Acceleration Due to Gravity Above the Earth’s Surface

Consider a body at a height \(h\) above the Earth’s surface. The distance of the body from the Earth’s centre becomes \(R+h\). According to the universal law of gravitation, the gravitational force acting on a body of mass \(m\) at this height is

\[ F = G\frac{M m}{(R+h)^2} \]

This force produces an acceleration \(g_h\) in the body. Using Newton’s second law,

\[ m g_h = G\frac{M m}{(R+h)^2} \]

Cancelling \(m\),

\[ g_h = G\frac{M}{(R+h)^2} \]

Dividing this expression by the surface value \(g = G M / R^2\),

\[ \frac{g_h}{g} = \left(\frac{R}{R+h}\right)^2 \]

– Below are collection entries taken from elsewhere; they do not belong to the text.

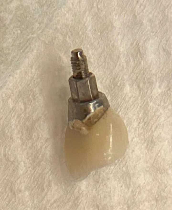 下面這組案例,種植牙修復(fù)冠破損,拆卸后,頸部有一片粘接劑。
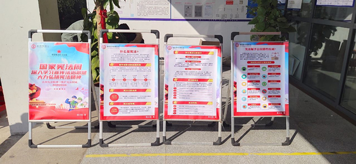 加强宣传,突出成效学院采用多种方式,通过学院网站、微信平台等新媒体平台发布宣传海报,在广播站播放宪法法律知识,利用移动宣传展板展示纸质宣传海报,面向全院师生做好相关法律宣传教育。在本次活动中,突出宣传了习近平新时代中国特色社会主义思想特别是习近平法治思想、习近平总书记关于宪法的重要讲话和重要指示批示精神,推动教育系统广大师生深刻领悟“两个确立”的决定性意义,增强“四个意识”,坚定“四个自信”,做到“两个维护”,确保宪法宣传的正确政治方向和舆论导向。要注重在宪法学习宣传教育活动中,讲好中国宪法故事,使宪法精神深入人心,让青少年学生树立宪法法律至上的法治理念,引导青少年学生坚定不移走中国特色社会主义法治道路。
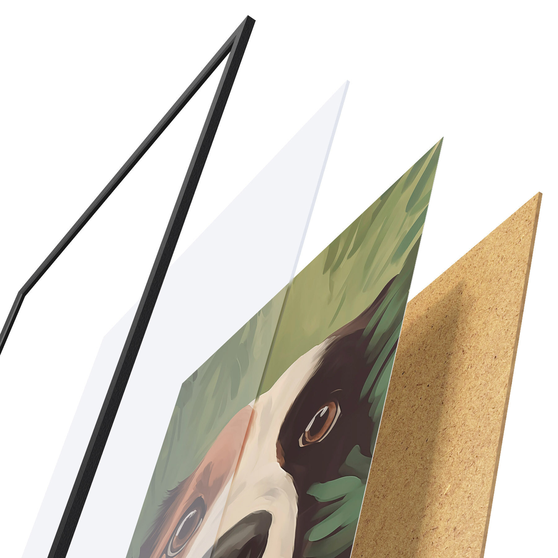 Plakát se skládá z rámu, plexiskla, tištěného obrazu a dřevotřískového podkladu. Díky úchytům na zadní straně lze plakát ihned zavěsit na zeď.
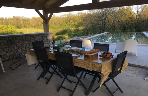Relax and enjoy time with your family and friends in this special haven of peace and beauty (Les Barras is situated in a designated area of outstanding beauty). Breathtaking views may be taken in either from the lawns on the south facing front garden, or from the luxury infinity swimming pool (12m x 5m) situated just meters from the house. Designed with alfresco dining in mind, the pool house and BBQ area offers shade when needed, a WC and outside solar heated shower. The grounds are fully enclosed with access through electric gates. A truly unique home that welcomes you to make happy holiday memories.
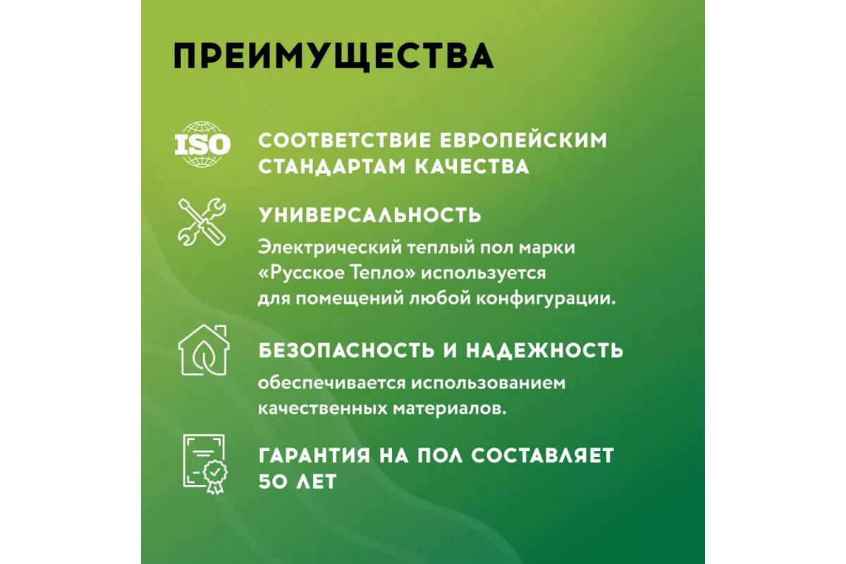Нагревательный мат для теплого пола Русское тепло 4.5 м² 720 Вт сочетает в себе эффективность, надежность и простоту установки. Он обеспечивает комфортный обогрев пола, экономию энергии и подходит для использования в различных помещениях. Благодаря высоким стандартам качества и безопасности, этот мат является отличным выбором для создания теплого пола в вашем доме.

This result shows that acceleration due to gravity decreases with increase in height. For heights much smaller than the Earth’s radius, this decrease is gradual, which explains why \(g\) is nearly constant close to the surface.

Important aspect: At very large distances from the Earth, such as in space, the value of \(g\) becomes very small, leading to conditions commonly described as weightlessness.

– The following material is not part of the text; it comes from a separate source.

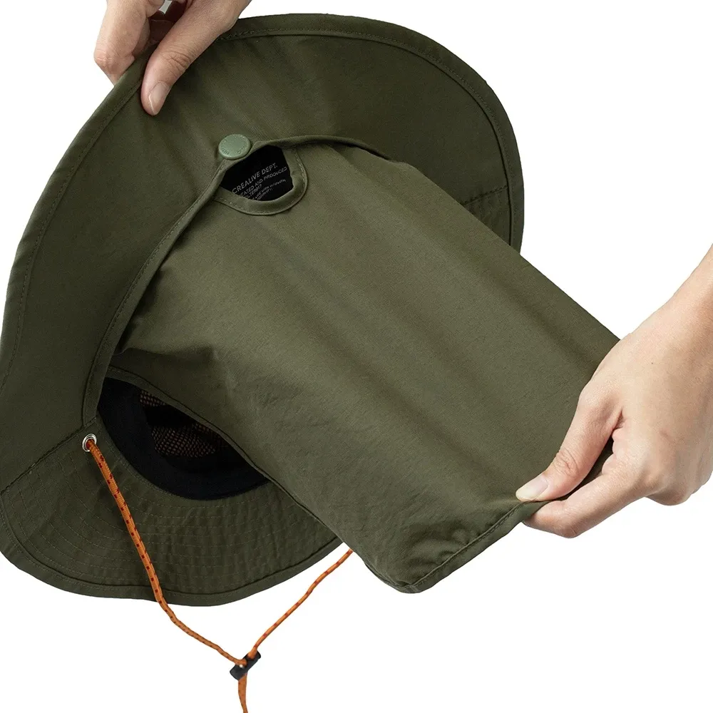 👉帽身附調節釦可調整帽圍尺寸,特別設計可收納式遮陽防曬布以及可拆式調節帽繩,展現絕佳的機能質感與戶外風格。

Acceleration Due to Gravity Below the Earth’s Surface

Now consider a body at a depth \(d\) below the Earth’s surface. Its distance from the Earth’s centre is \(R-d\).

According to NCERT, only the mass of the Earth enclosed within this radius contributes to the gravitational attraction. Assuming the Earth to be a uniform sphere, the enclosed mass \(M_d\) is proportional to the volume of the sphere of radius \(R-d\).

\[ M_d = M \left(\frac{R-d}{R}\right)^3 \]

The gravitational force on a body of mass \(m\) at depth \(d\) is

\[ F = G\frac{M_d m}{(R-d)^2} \]

Substituting the value of \(M_d\),

\[ F = G\frac{M m}{R^3}(R-d) \]

The corresponding acceleration due to gravity \(g_d\) is

\[ g_d = G\frac{M}{R^3}(R-d) \]

Using \(g = G M / R^2\), we obtain

\[ g_d = g\left(1 - \frac{d}{R}\right) \]

This expression shows that the acceleration due to gravity decreases linearly with depth and becomes zero at the centre of the Earth.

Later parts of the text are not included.